I worked fast, running to the material counter to grab wooden beads, nails, string, and plastic forks. I watched Richart glue plastic forks to his bird, making attractive wings, and I imitated him, also adding dangling beads, attached to the birds head with string and nails, and two large bolts for eyes. I made some detail oriented cuts after adding the eyes, then stepped back, satisfied. As I stared at my bird, Richart ran to the clock. “Okay, put your hammer down. Times up.” I was astonished to have finished and glanced at my Styrofoam bird remembering that only fifteen minutes earlier I stared at this same slab of Styrofoam, wondering how the hell I could finish, but I did, and so did Richart. Richart’s bird was incredible. Its body was skillfully carved creating a very realistic body, but Richart’s unique aesthetic radiated through its second hand components. Richart walked to my side, giving me a hug, “That’s great Mark, it looks great, and now we get to paint them. Oh the kids loved this part. They would use whole cans on their sculptures!
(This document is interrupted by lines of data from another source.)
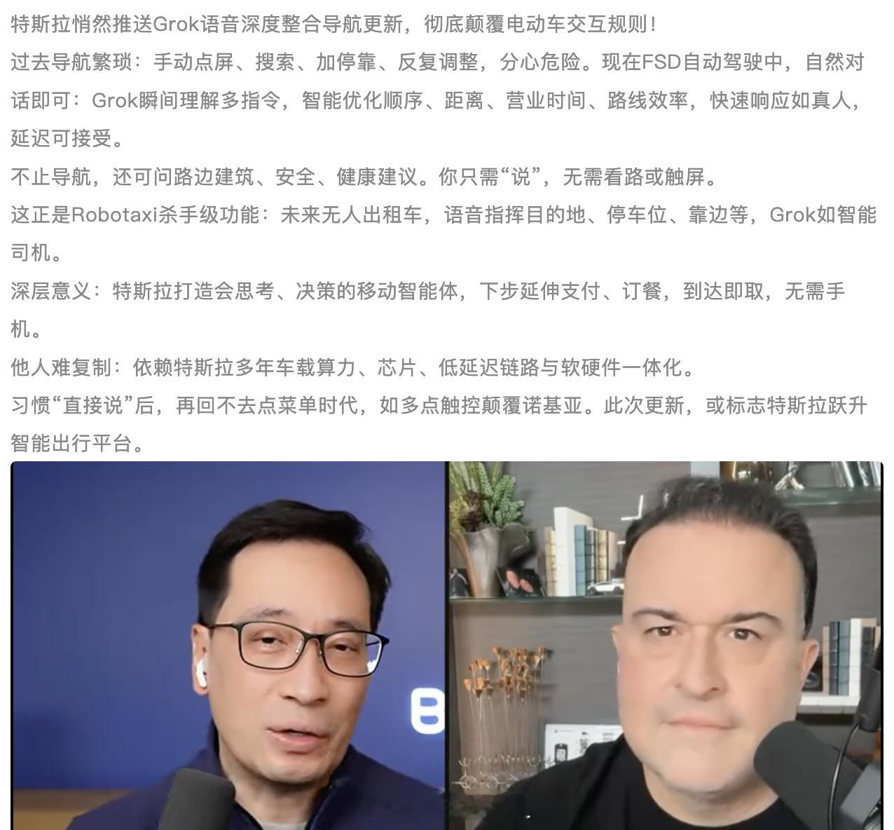 现在特斯拉围绕电车的基本三围已经没啥可说的,现在Grok这样的Ai平台和Tesla原有的电子系统进行升级接下来可能是Ai助手进入车辆,Ai助手来控制一切人的需求:车身控制、热管理、座舱和辅助驾驶深度整合大v聊车新能源汽车Grok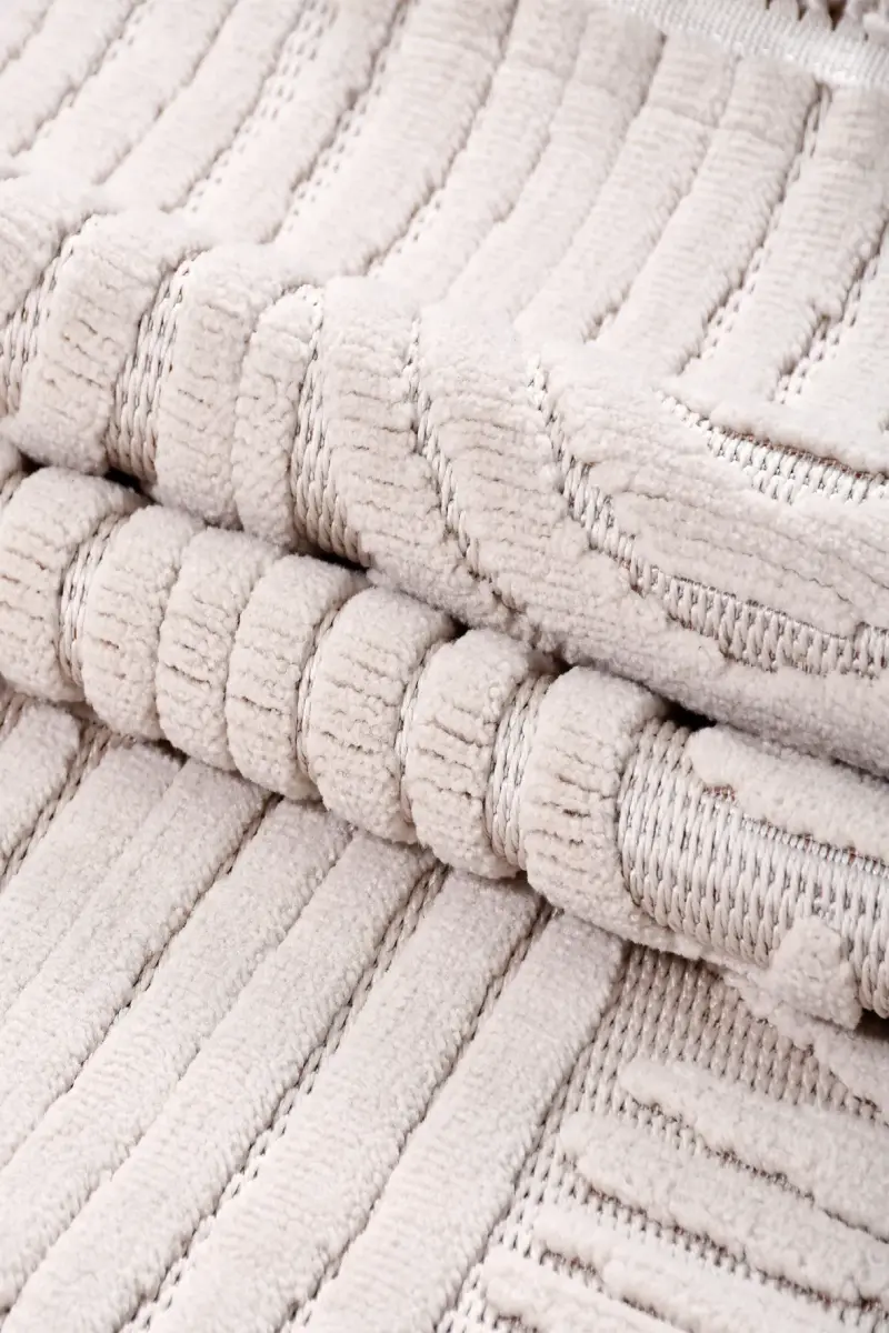 🪡 Saçaklı yapısı ve overlok kenar bitişi ile düzenli ve tamamlanmış bir görünüm sunar.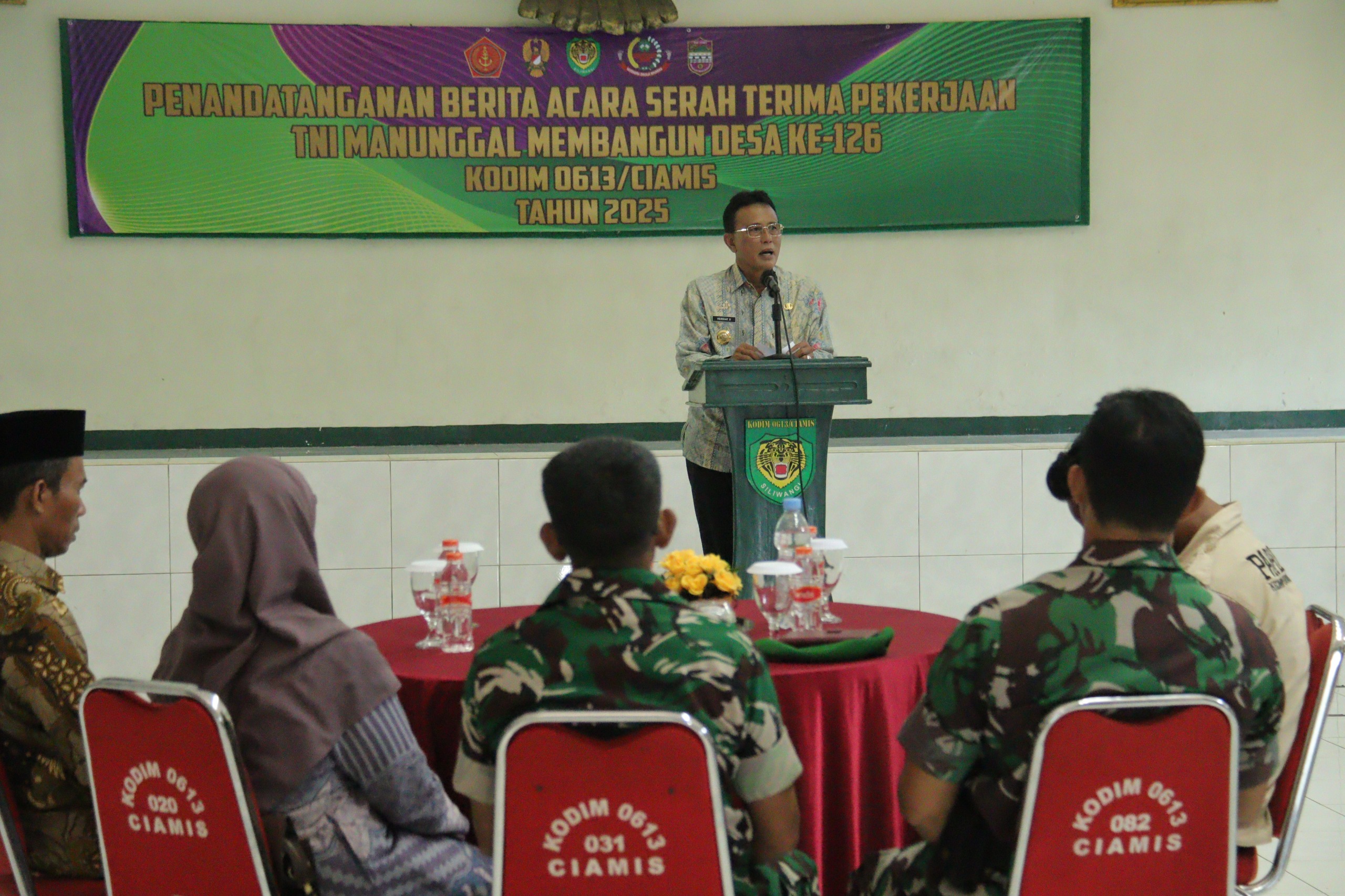 Penyerahan dilakukan oleh Dandim 0613/Ciamis, Letkol Inf. Antonius Ari Widiono, kepada Bupati Ciamis, H. Herdiat Sunarya, dalam seremoni di Aula Kodim 0613/Ciamis. Kegiatan ini menandai berakhirnya TMMD yang dipusatkan di Desa Sukamulya, Kecamatan Purwadadi.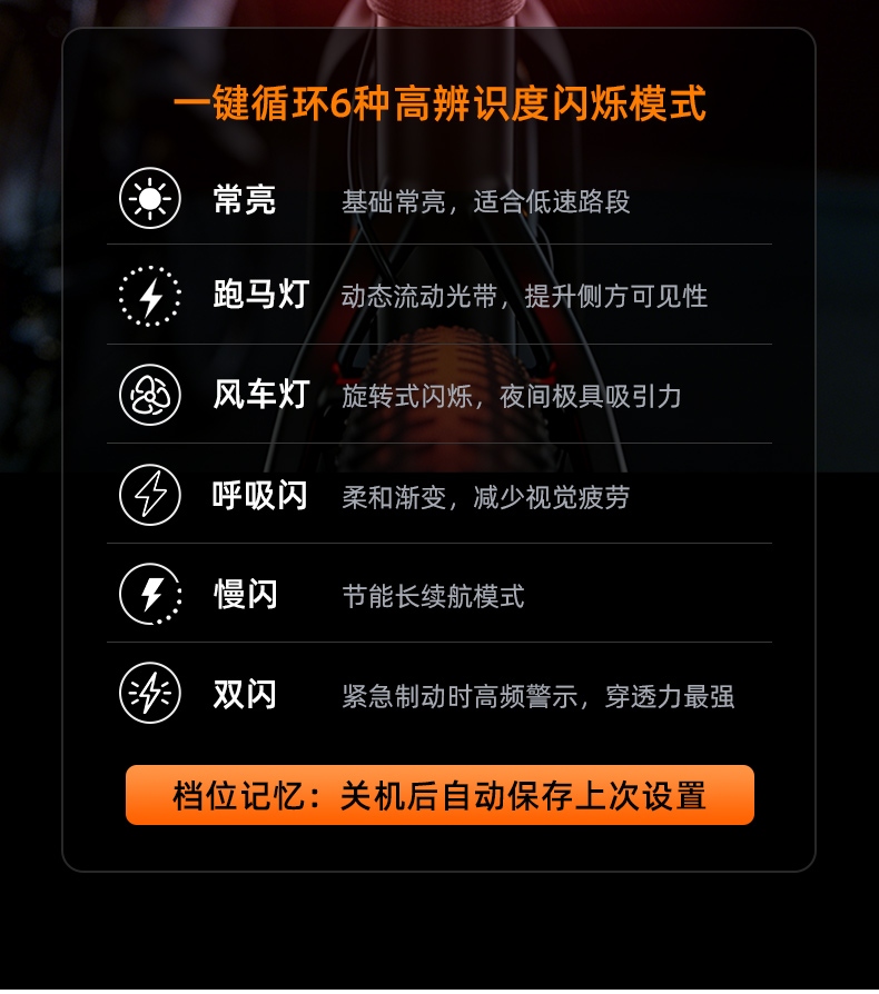 3、开灯后灯具档位依次为:长亮-跑马灯-风车灯-呼吸闪-慢闪-双闪-循环,任意挡位下长按关闭。灯具自带挡位记忆功能,再次开启时为之前关闭挡位;
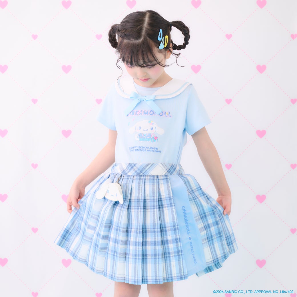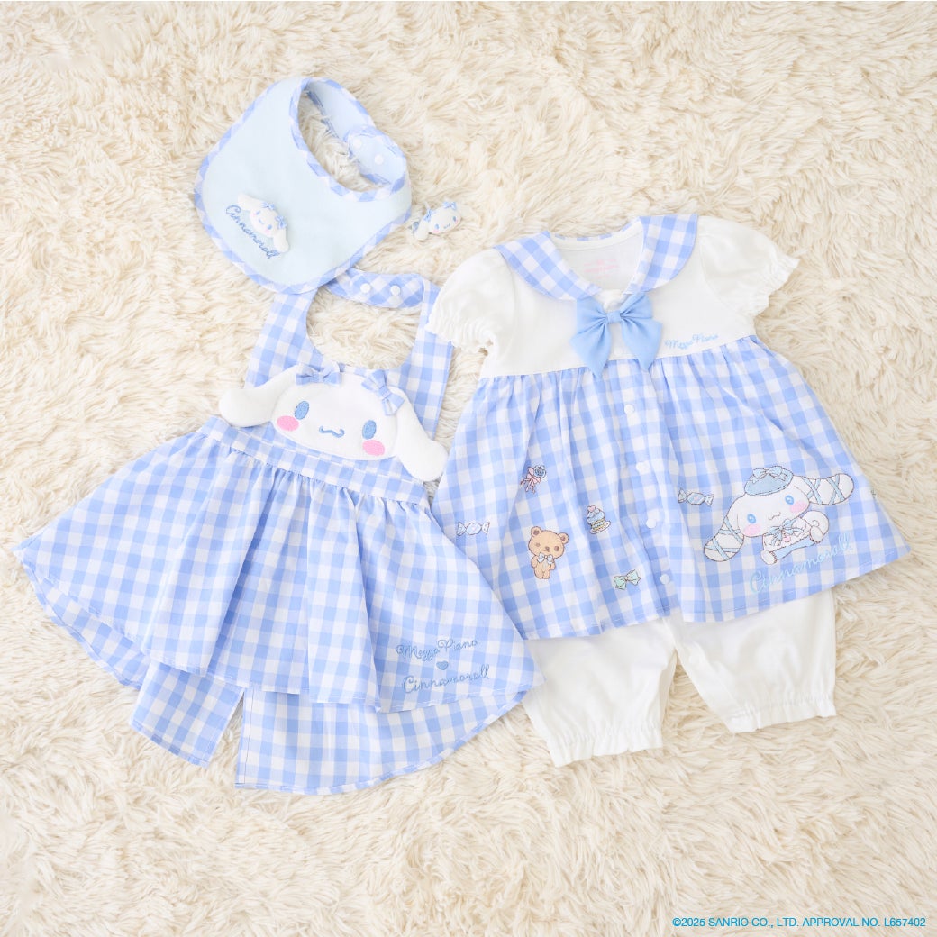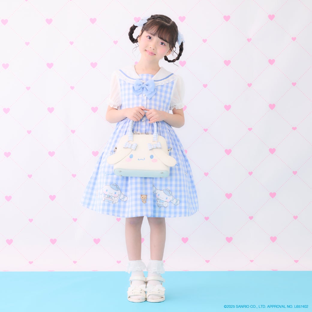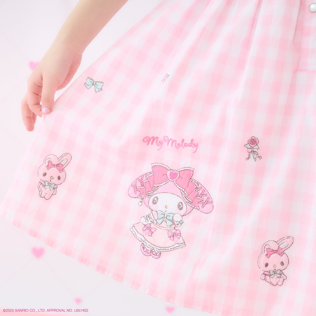 セーラーカラーのブラウスをレイヤードしている様なデザインのギンガムワンピースは、スカート部分に、「マイメロディ」「シナモロール」のそれぞれ豪華なアップリケ刺繍でかわいいを詰め込んだデザインに♡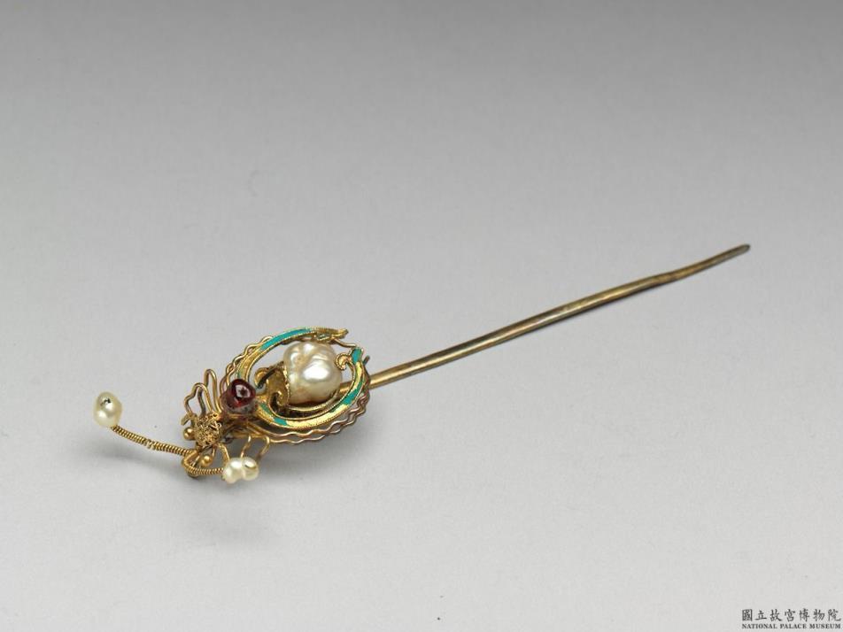 银镀金素挺簪一支,器身细长,簪首为蜘蛛形。头部累丝,金线做八脚,腹部与头部之间嵌红宝石一块,腹部以点翠如意为外框、内嵌二等饭块正珠一颗,头部二触须之末端各嵌小正珠一颗。造型精致可爱。与故杂4932为一对。
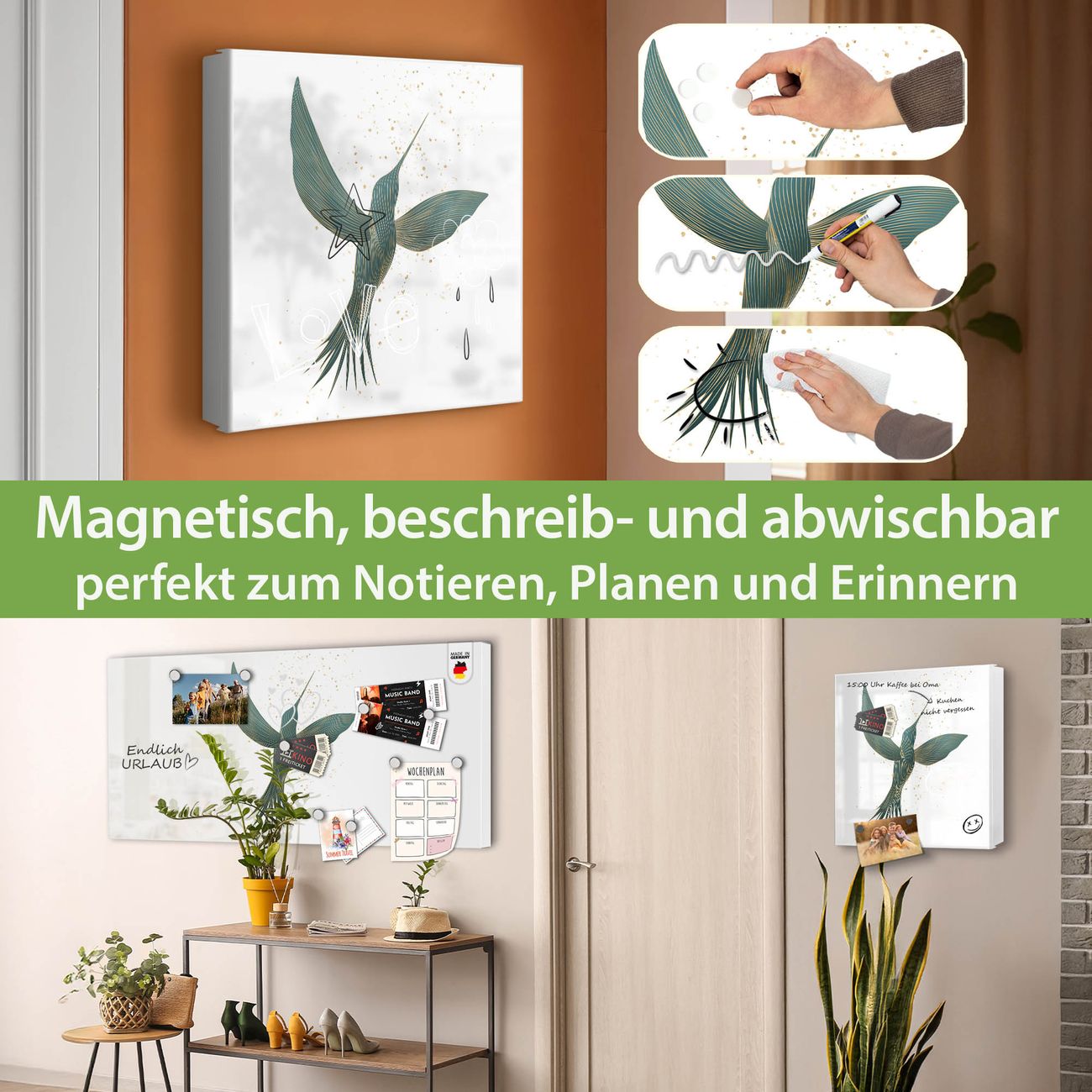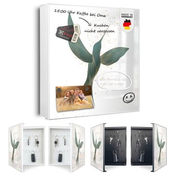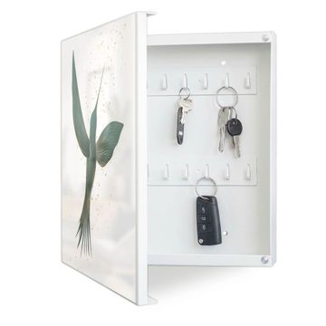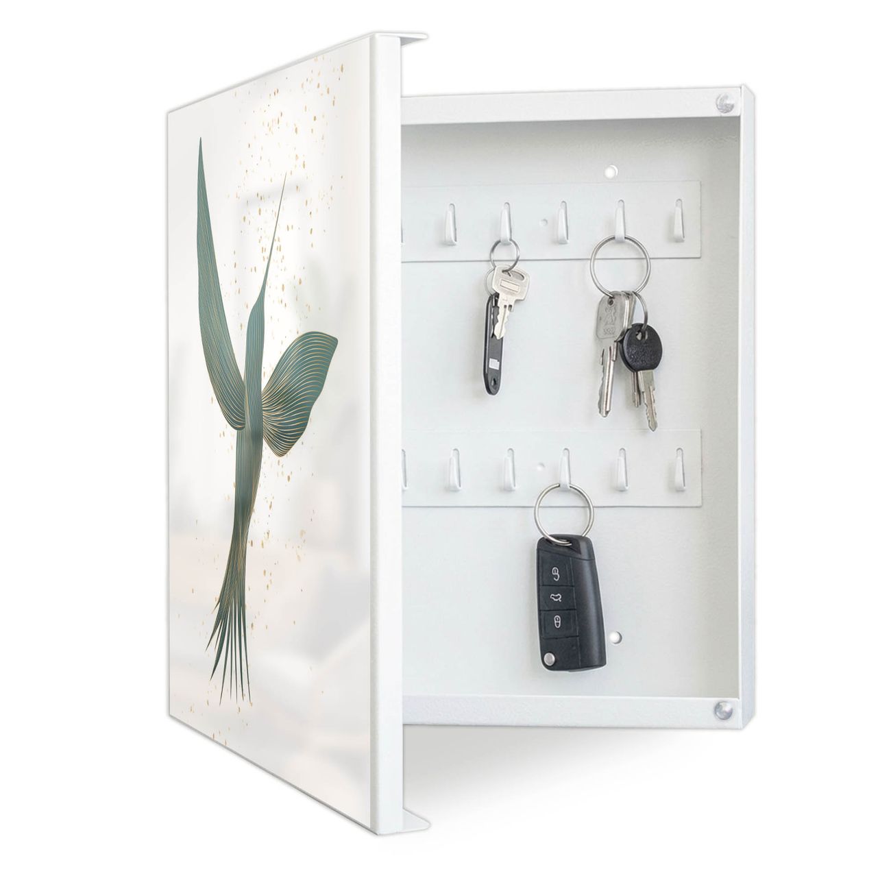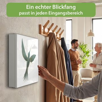 Bringe Ordnung und Eleganz in deinen Eingangsbereich mit dem banjado Schlüsselkasten Motiv Motiv Kolibri 4. Die moderne Schlüsselbox kombiniert funktionales Design mit hochwertiger Verarbeitung und wird so zu einem echten Hingucker in Flur, Büro oder Ferienwohnung. ✅ Stilvolle Schlüsselaufbewahrung mit Motiv Motiv Kolibri 4 Der Design-Schlüsselkasten Motiv Motiv Kolibri 4 bietet Platz für bis zu 32 Schlüssel, die auf 4 stabilen Reihen mit je 8 Haken übersichtlich verstaut werden. Mit seinen kompakten Maßen von 30 x 30 x 5 cm passt die Schlüsselbox perfekt auch in kleinere Räume. Der weiß lackierte Stahlkorpus mit links angeschlagenem Türscharnier harmoniert mit gedruckten Folie auf der Front und fügt sich nahtlos in jedes Wohnambiente ein. Ob als Schlüsselorganizer für Zuhause oder als praktische Lösung für Büros, Praxen und Gewerbe, der banjado Schlüsselkasten sorgt für Ordnung und Übersicht. Dank der magnetischen, mit Kreidestiften beschreibbaren Folie auf der Front kannst du Notizen anheften oder Termine direkt auf der Oberfläche festhalten. Die Schlüsselbox Motiv Motiv Kolibri 4 zur Wandmontage wird inklusive Befestigungsmaterial geliefert und ist schnell angebracht. So hast du deine Schlüssel jederzeit griffbereit und zugleich stilvoll verstaut. Mit diesem banjado Schlüsselkasten Motiv Motiv Kolibri 4 kombinierst du praktische Aufbewahrung mit stilvollem Wohndesign. Ob privat oder geschäftlich, die Schlüsselbox sorgt für mehr Ordnung, Übersicht und ein wohnliches Ambiente.Vorteile im Überblick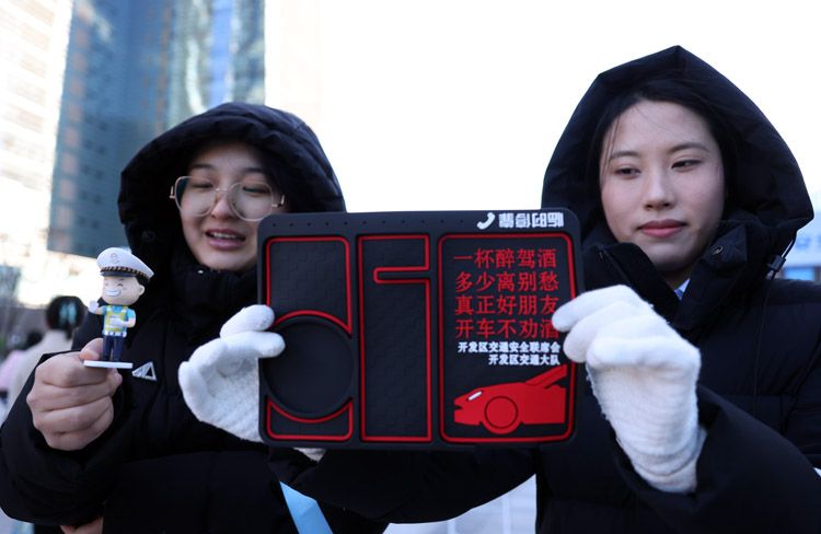市民展示全国交通安全日文创纪念品。2024年,经开区深入开展“文明驾车 礼让行人”专项行动,倡导驾车“礼让斑马线”“礼让公交车”,启动“我认领 我服务”文明交通志愿服务项目,组织志愿者集中在区内多个重点路口开展全年常态化文明交通引导活动。

Hahaha.” He led me to a stack of spray paint and we chose the colors we wanted, settling on black, white and tan. Richart spent very little time spraying his bird, but I took my time, adding detail to the wings, and giving the body a solid color. As I finished, Richart stood beside me and said, “Now when you take this home, you need to find a nice place for it that’s outside. Make sure its exposed to the weather, and you can watch it really become art. Just make sure you leave it outside.” I promised I would and I thanked him offering to clean up, but he shook his head, “No, I always clean, you wouldn’t know where I’d want all this stuff anyway.” I stared at the random piles of tools and material stacked impulsively on his tables, and I agreed. I hugged Richart good bye, and left him as he picked up a golf ball sized chunk of concrete, “You see, I can use this, you would probably just throw it away.”